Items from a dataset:

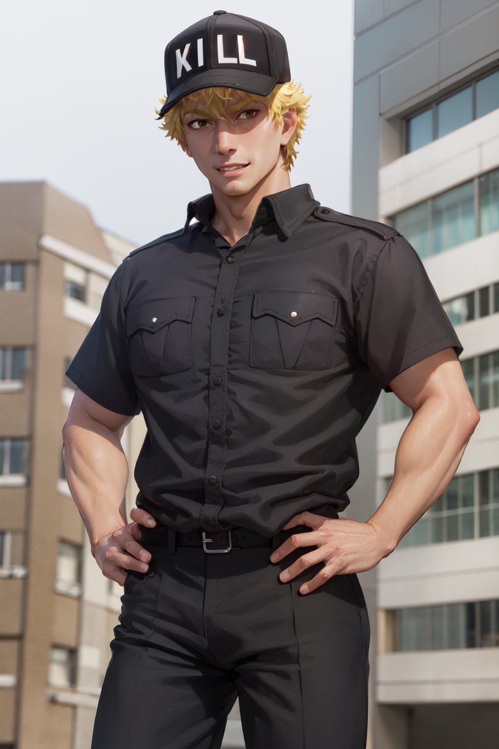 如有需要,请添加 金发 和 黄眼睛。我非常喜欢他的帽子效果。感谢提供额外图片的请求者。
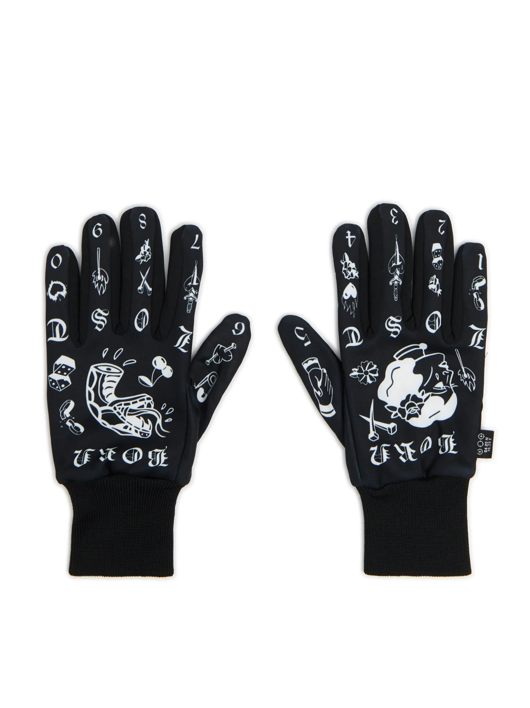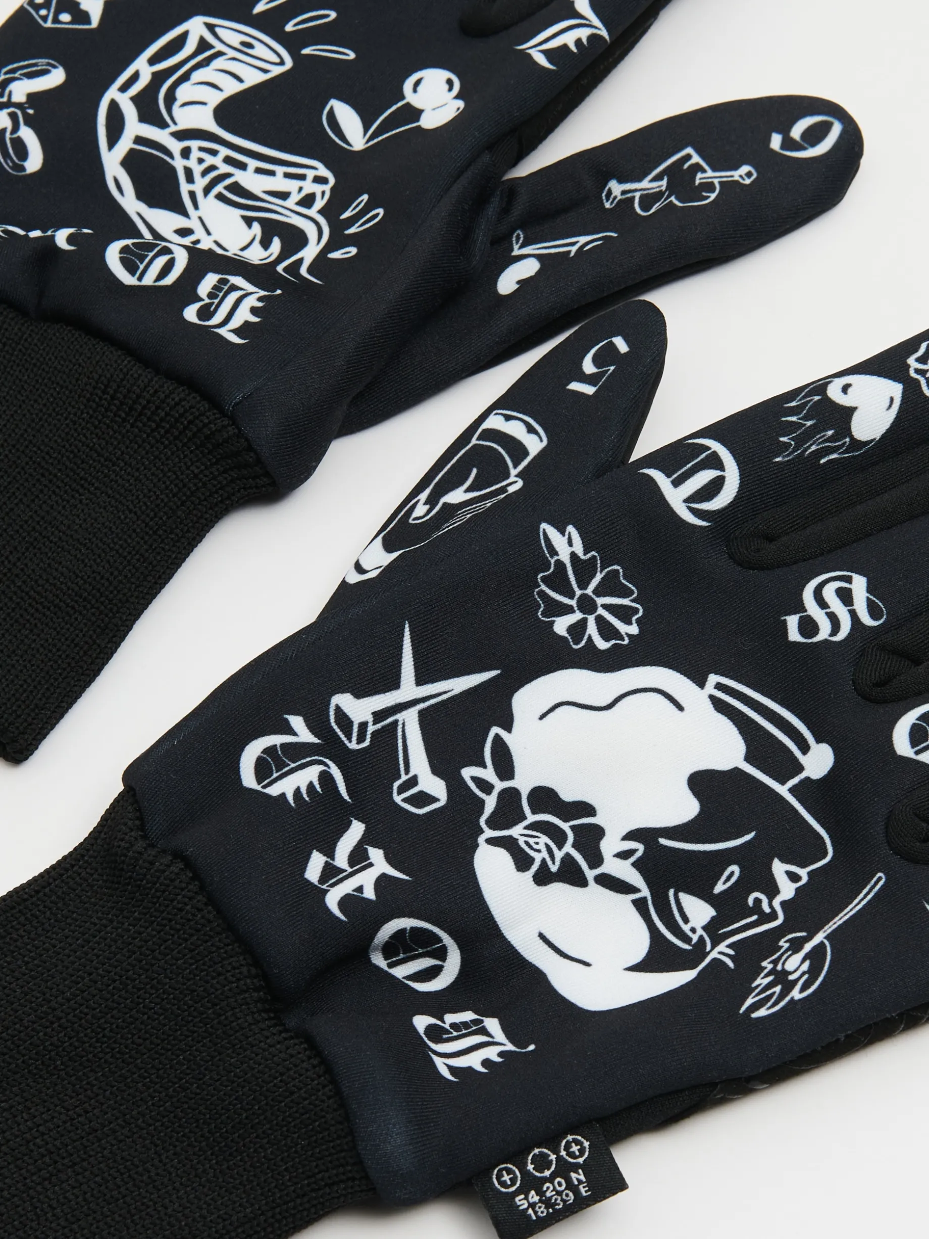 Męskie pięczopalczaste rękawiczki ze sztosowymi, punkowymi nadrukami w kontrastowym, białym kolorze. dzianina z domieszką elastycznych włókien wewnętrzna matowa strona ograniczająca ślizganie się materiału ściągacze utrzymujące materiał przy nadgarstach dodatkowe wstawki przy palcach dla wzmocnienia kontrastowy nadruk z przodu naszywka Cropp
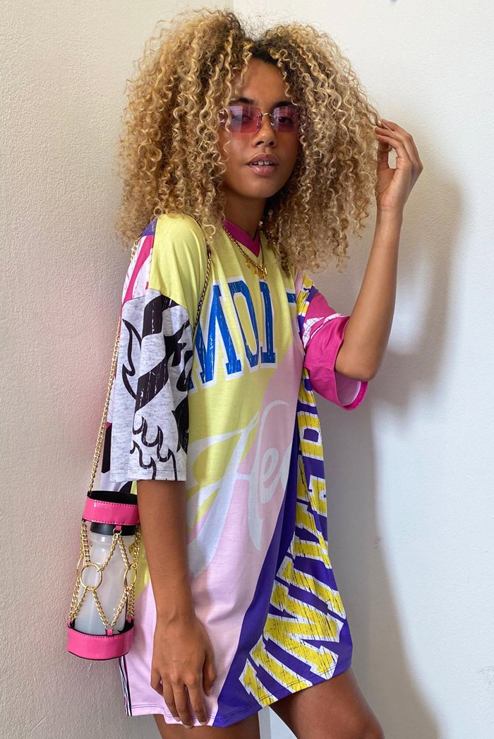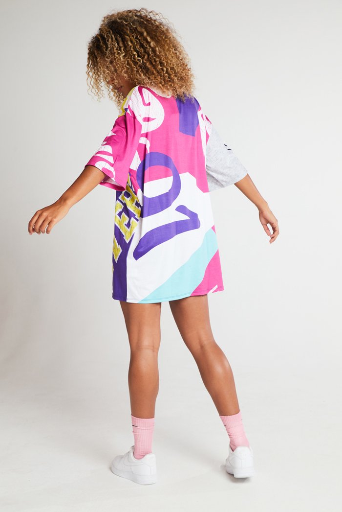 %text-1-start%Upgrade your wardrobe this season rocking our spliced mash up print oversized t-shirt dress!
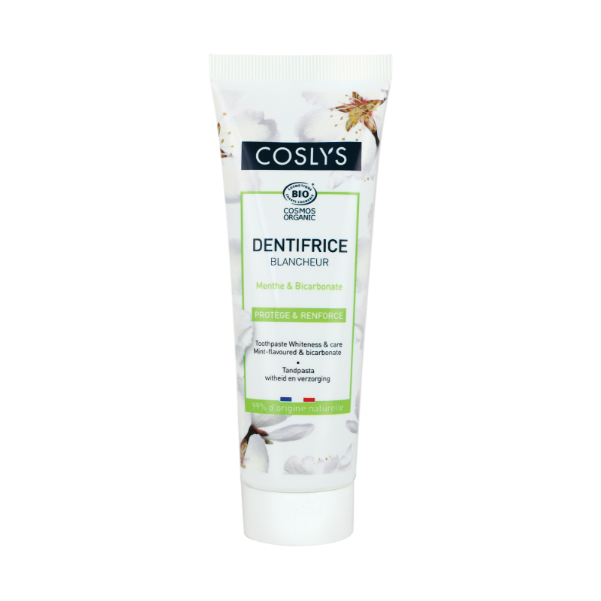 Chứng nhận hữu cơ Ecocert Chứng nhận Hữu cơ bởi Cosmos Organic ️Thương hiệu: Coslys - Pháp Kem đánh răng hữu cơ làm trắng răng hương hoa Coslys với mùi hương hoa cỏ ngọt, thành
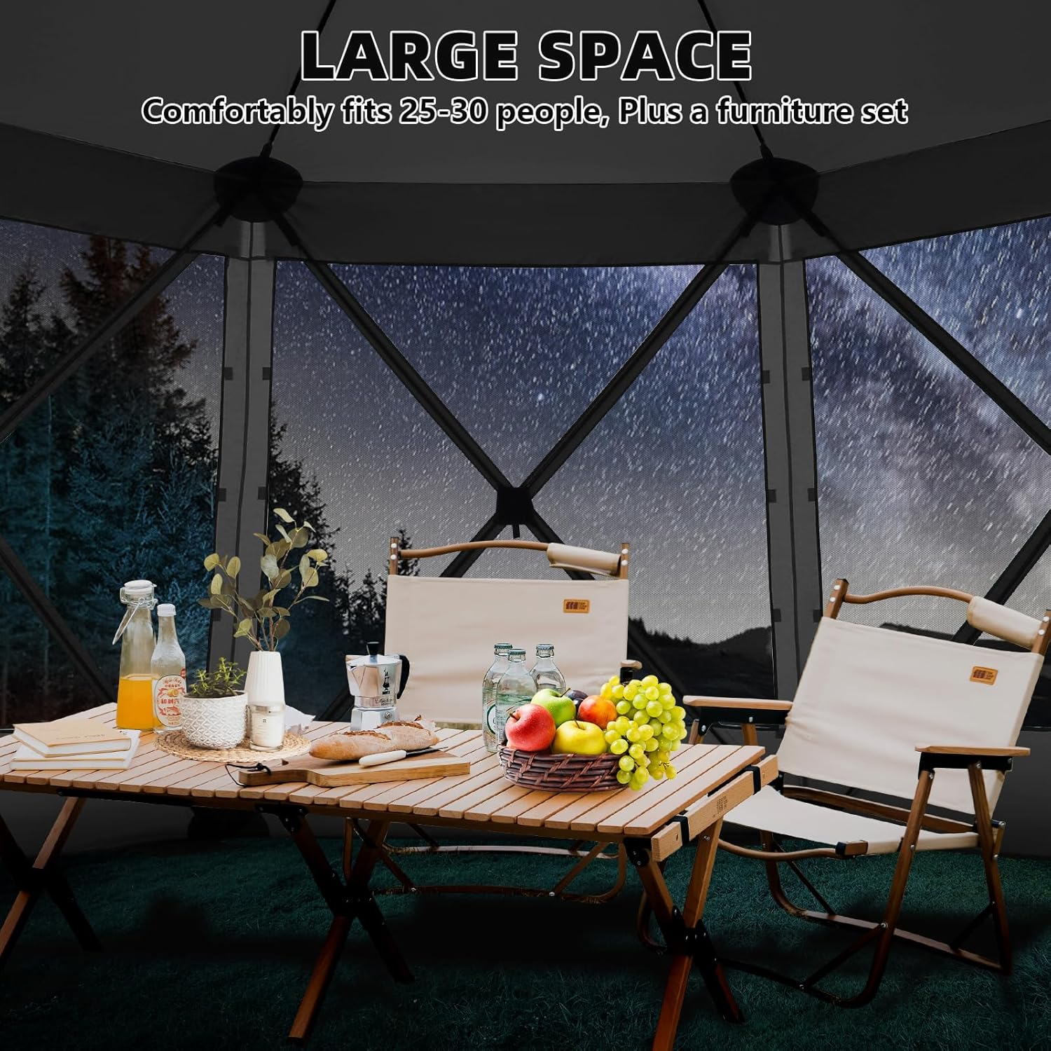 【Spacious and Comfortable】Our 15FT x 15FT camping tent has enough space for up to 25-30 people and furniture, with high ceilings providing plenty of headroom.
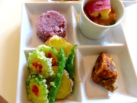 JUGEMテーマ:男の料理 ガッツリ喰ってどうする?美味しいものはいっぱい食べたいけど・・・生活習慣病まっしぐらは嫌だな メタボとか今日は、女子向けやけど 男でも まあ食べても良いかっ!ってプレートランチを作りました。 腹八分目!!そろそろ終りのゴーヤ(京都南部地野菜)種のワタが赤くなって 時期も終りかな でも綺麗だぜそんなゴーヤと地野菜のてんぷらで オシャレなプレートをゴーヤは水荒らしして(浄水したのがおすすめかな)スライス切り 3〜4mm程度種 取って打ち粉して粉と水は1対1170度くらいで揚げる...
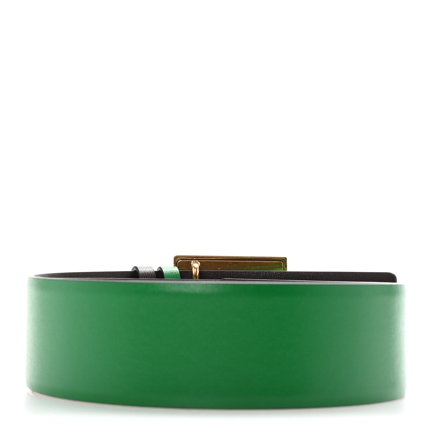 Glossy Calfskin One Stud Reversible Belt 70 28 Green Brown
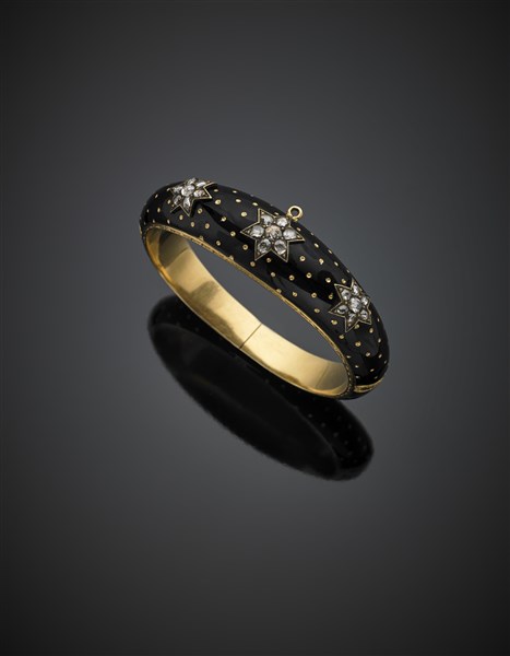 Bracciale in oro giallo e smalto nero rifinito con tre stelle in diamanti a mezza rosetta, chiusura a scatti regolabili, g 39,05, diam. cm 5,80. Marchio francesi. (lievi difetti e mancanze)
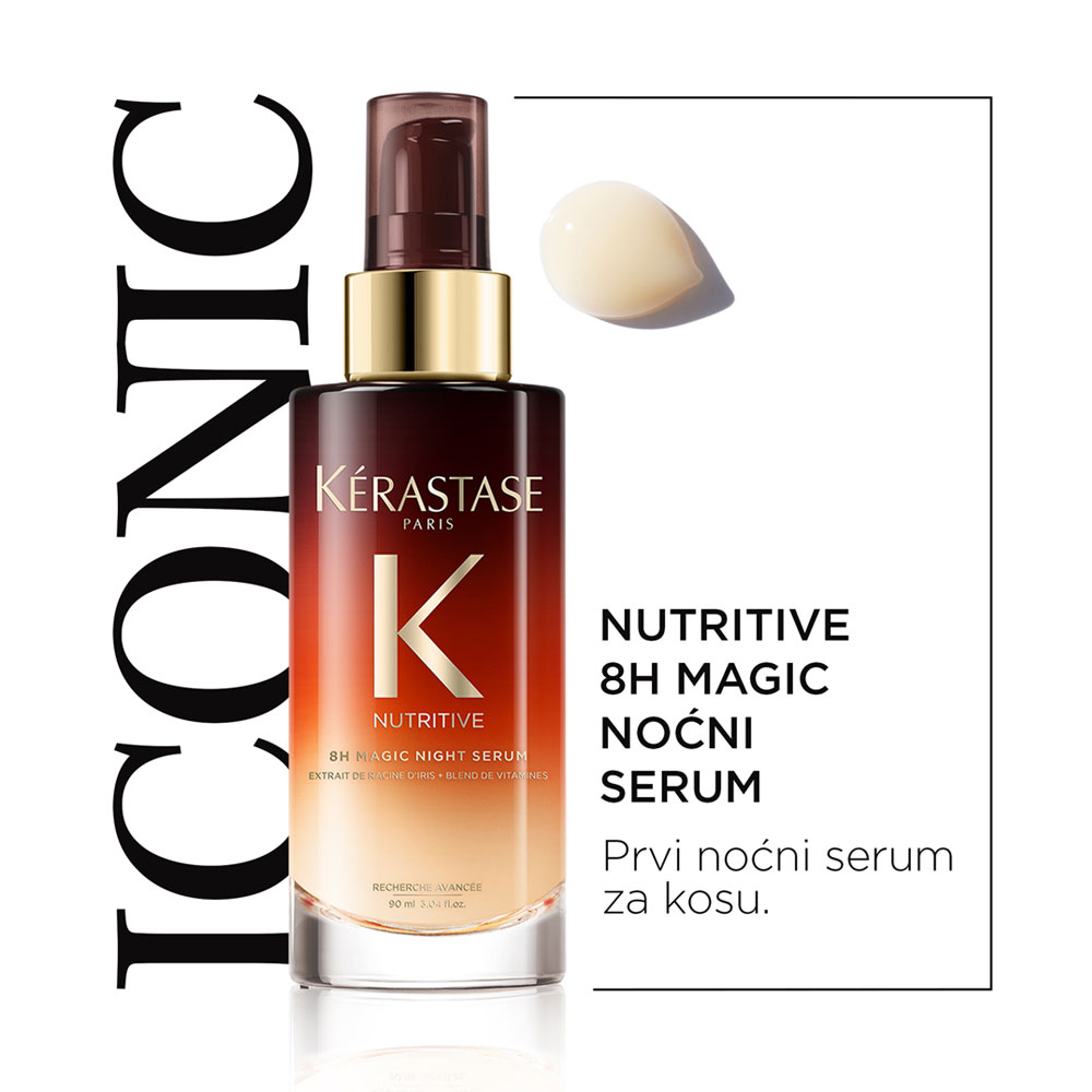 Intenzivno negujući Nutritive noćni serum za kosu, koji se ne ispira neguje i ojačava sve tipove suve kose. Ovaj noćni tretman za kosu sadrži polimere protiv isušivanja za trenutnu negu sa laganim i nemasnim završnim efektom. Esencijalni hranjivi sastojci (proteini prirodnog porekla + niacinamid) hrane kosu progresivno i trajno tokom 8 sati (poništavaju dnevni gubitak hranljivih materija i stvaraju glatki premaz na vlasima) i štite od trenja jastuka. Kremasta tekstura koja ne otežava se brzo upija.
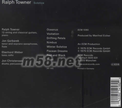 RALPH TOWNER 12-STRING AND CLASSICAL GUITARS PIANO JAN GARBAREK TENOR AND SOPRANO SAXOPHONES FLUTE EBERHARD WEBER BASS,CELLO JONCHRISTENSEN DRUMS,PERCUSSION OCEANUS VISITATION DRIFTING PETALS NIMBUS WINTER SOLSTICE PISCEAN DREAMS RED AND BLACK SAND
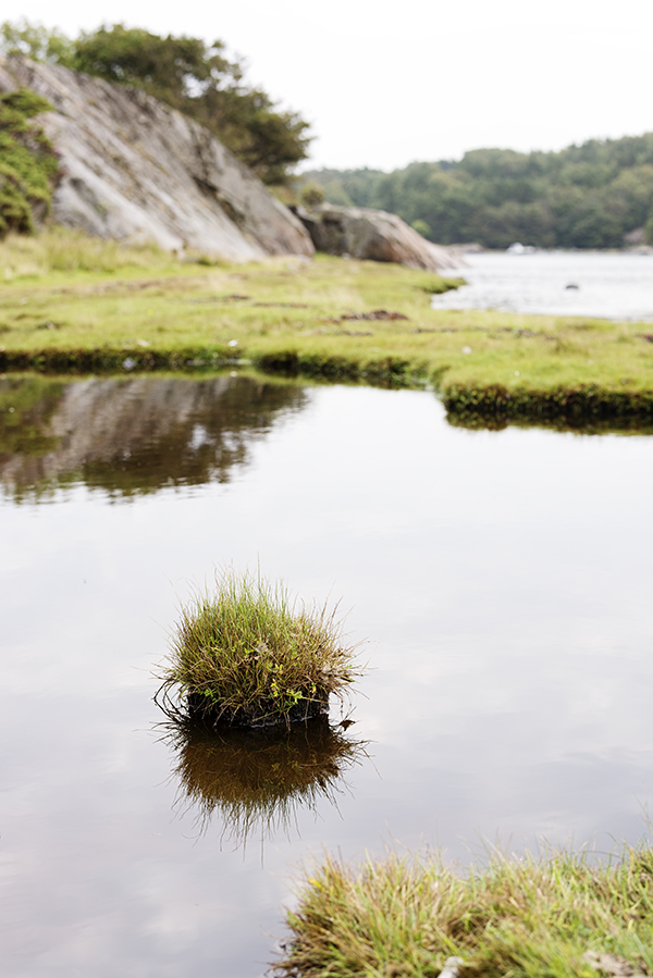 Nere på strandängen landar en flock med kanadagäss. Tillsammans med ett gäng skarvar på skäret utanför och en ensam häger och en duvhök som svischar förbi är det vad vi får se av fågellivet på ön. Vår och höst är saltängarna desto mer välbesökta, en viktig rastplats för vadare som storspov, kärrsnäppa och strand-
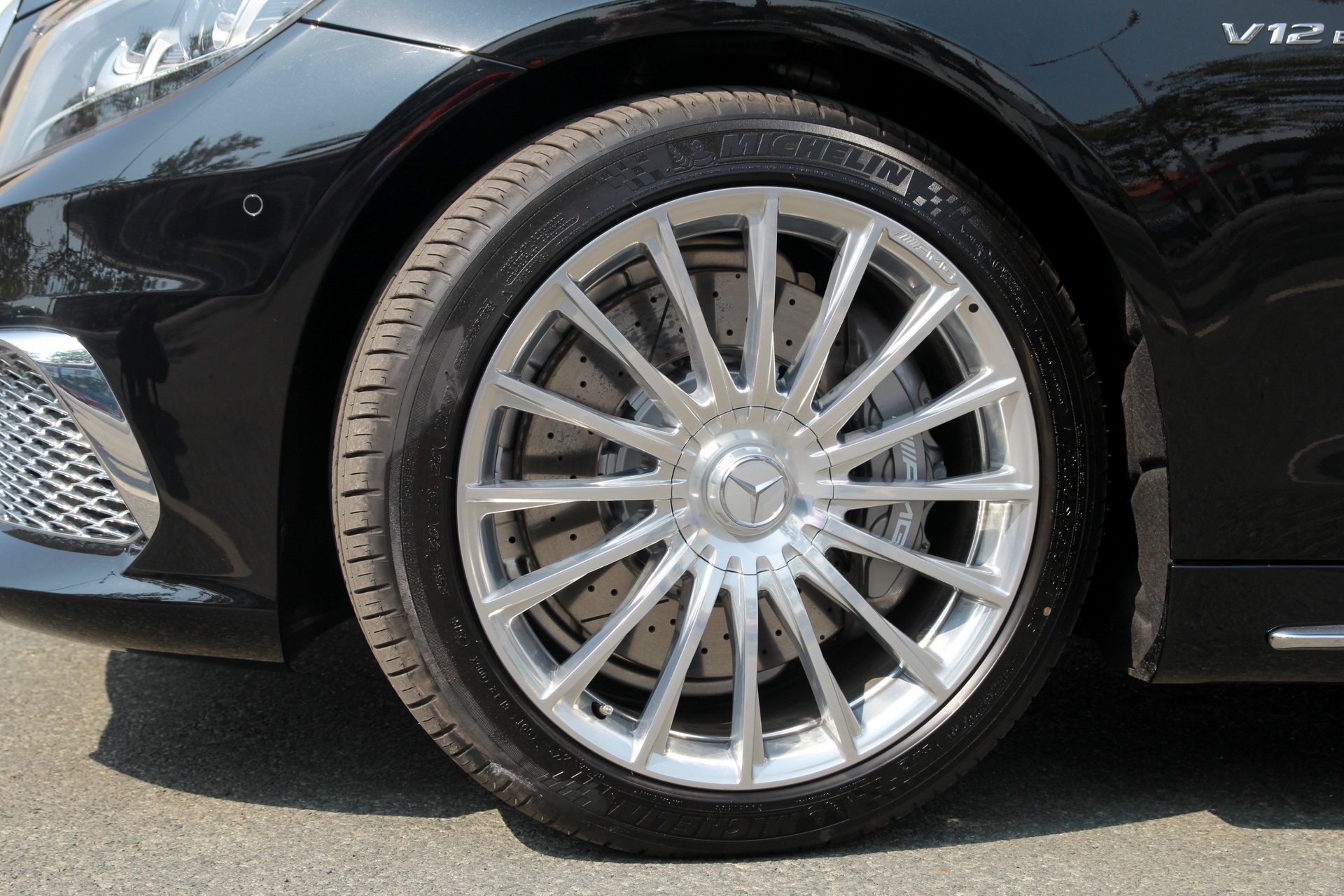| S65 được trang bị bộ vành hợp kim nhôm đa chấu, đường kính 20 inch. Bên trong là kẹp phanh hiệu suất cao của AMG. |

**EXERCISE OBJECTIVE**
Starting at the line with "Nere på strandängen", reproduce exactly each line through the end of the entries, including the first and the last, and skip the pictures.

**RESPONSE FOR THIS EXERCISE**
 Nere på strandängen landar en flock med kanadagäss. Tillsammans med ett gäng skarvar på skäret utanför och en ensam häger och en duvhök som svischar förbi är det vad vi får se av fågellivet på ön. Vår och höst är saltängarna desto mer välbesökta, en viktig rastplats för vadare som storspov, kärrsnäppa och strand-
| S65 được trang bị bộ vành hợp kim nhôm đa chấu, đường kính 20 inch. Bên trong là kẹp phanh hiệu suất cao của AMG. |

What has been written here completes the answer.